What were the directions issued?

These directions inter alia included

  1. Presentation of site plan
  • The Criminal Procedure Code (CrPC) mandates that the officer-in-charge of a police station shall proceed to the spot (of the crime) in person to investigate the facts and circumstances of the case and prepare a site sketch.
  • This site plan was admissible if the witnesses corroborate these statements of the draftsman that they showed him the places.
  • Significance: The guidelines issued now say that the site sketch can be prepared by investigating officer or nominated person depending on the importance of case. As a result, the police need to develop its own cadre of draftsmen
  1. Inquest report and body sketches (in a post-mortem report) in a uniform manner
  • If the evidence and materials collected during an inquest ‘make it a prima facie case of any offence’, a criminal case is registered and regular investigation taken up even without any formal complaint from anyone
  • The guidelines mandate that every medico-legal certificate and post-mortem report shall contain a printed format of the human body (with both a frontal and rear view)
  • Significance: Their standardisation will not only help the court to better appreciate these reports and scrutinise the evidence, but will also help the investigating officers and doctors to refresh their memory with more clarity.
  1. Photographs and videographs of a post-mortem in certain cases
  • Having trained photographers at police stations (in accordance with Supreme Court’s ruling of 2018 in Shafhi Mohammad vs the State of Himachal Pradesh) is also under way in a phased manner so that scenes of heinous offences are videographed and photographed using digital cameras.
  • The draft Code now provides that the investigating officer shall seize such photographs and videographs, preserve the original (separate memory card) and obtain certificate under Section 65B (regarding admissibility of electronic records) of the Indian Evidence Act, 1872.
  • Significance: The purpose of these guidelines is to ensure that there is uniformity of procedure in dealing with cases of death in police action or police custody without any tampering of evidence.
  1. Separation of prosecution from the investigation.
  • The Court in Sarala vs T.S. Velu (2000) held that as per the scheme of the CrPC, the investigation ends with the formation of an opinion by the police as to whether, on the material collected, a case is made out to place the accused for trial
  • The formation of the said opinion by the police is the final step of investigation, and this final step is to be taken by the police and by no other authority.

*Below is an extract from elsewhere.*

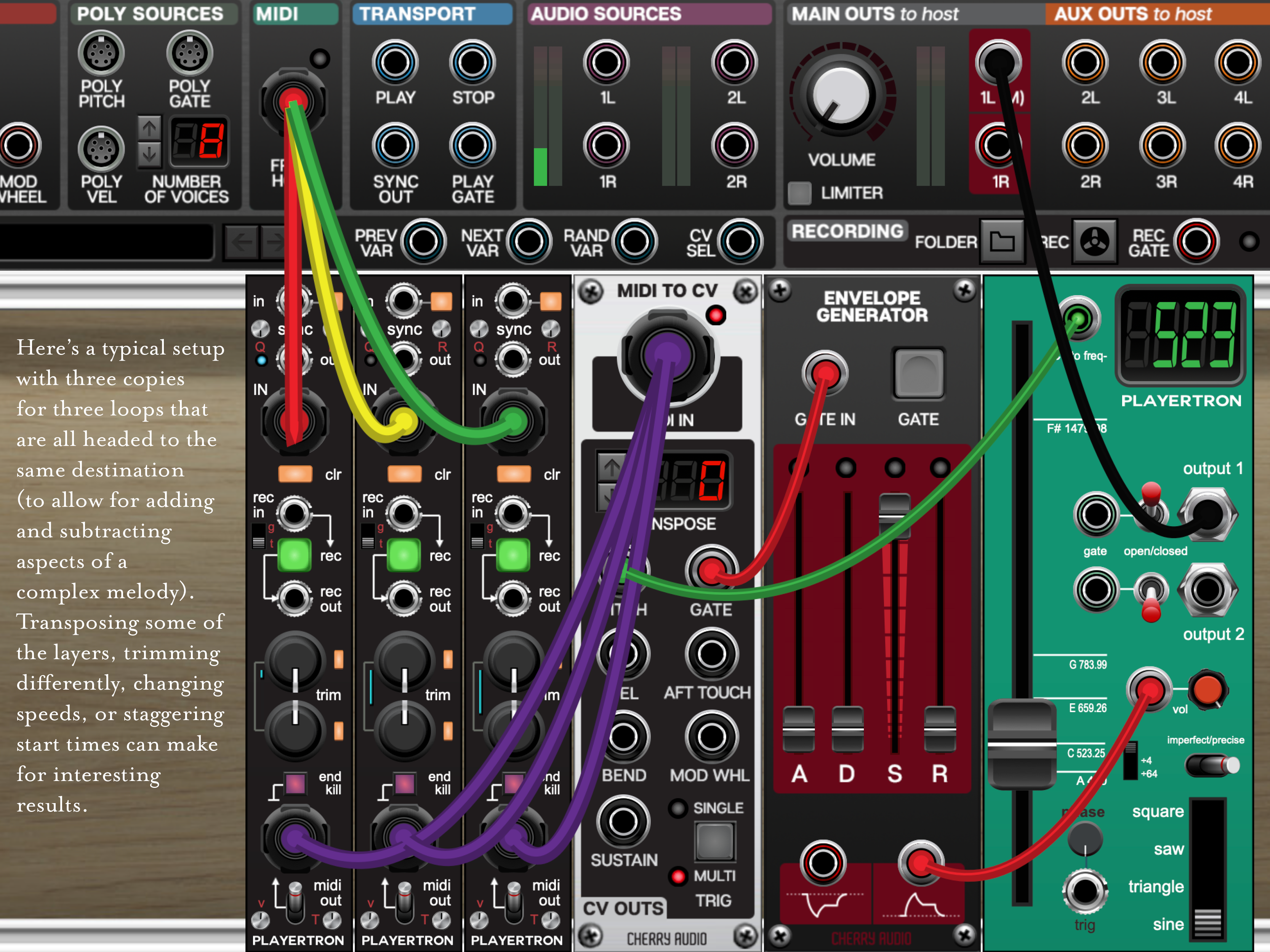 It’s a great way to get a modular setup humming with all sorts of harmonies, and the controls give you the opportunity to for interesting variations where a copied device might be transposed down an octave and sped up to double speed for a fugue-like harmony on another oscillator, for instance.

The public prosecutor is an officer of the court and his role essentially is inside the court.
  • More recently, in State of Gujarat vs Kishanbhai (2014), the Court, while taking note of the many lapses in investigation, directed that ‘on completion of the investigation in a criminal case, the prosecuting agency should apply its independent mind, and require all shortcomings to be rectified, if necessary, by requiring further investigation’.
  • Significance: Since, investigation and prosecution are two different facets in the administration of criminal justice, the three judge Bench of the Supreme Court has now rightly asked the States to separate the two wings.
    • Chhattisgarh has sanctioned a cadre of law officers (who shall function independently of the public prosecutors and will have no role in the court) to assist the investigating officers in educating and improving investigation work.
  1. Direction to High Court
  • The High Courts and the State governments were, accordingly, asked to notify the draft “Rules of Criminal Practice, 2021” which all the States and the High Courts had agreed upon with minor variations, and make consequential amendments in their police and other manuals.

Conclusion

while the creation of a cadre of draftsmen and photographers may take time, executive orders may be issued without further delay, followed by training of investigating officers and medical doctors, in order to implement the Supreme Court’s directives.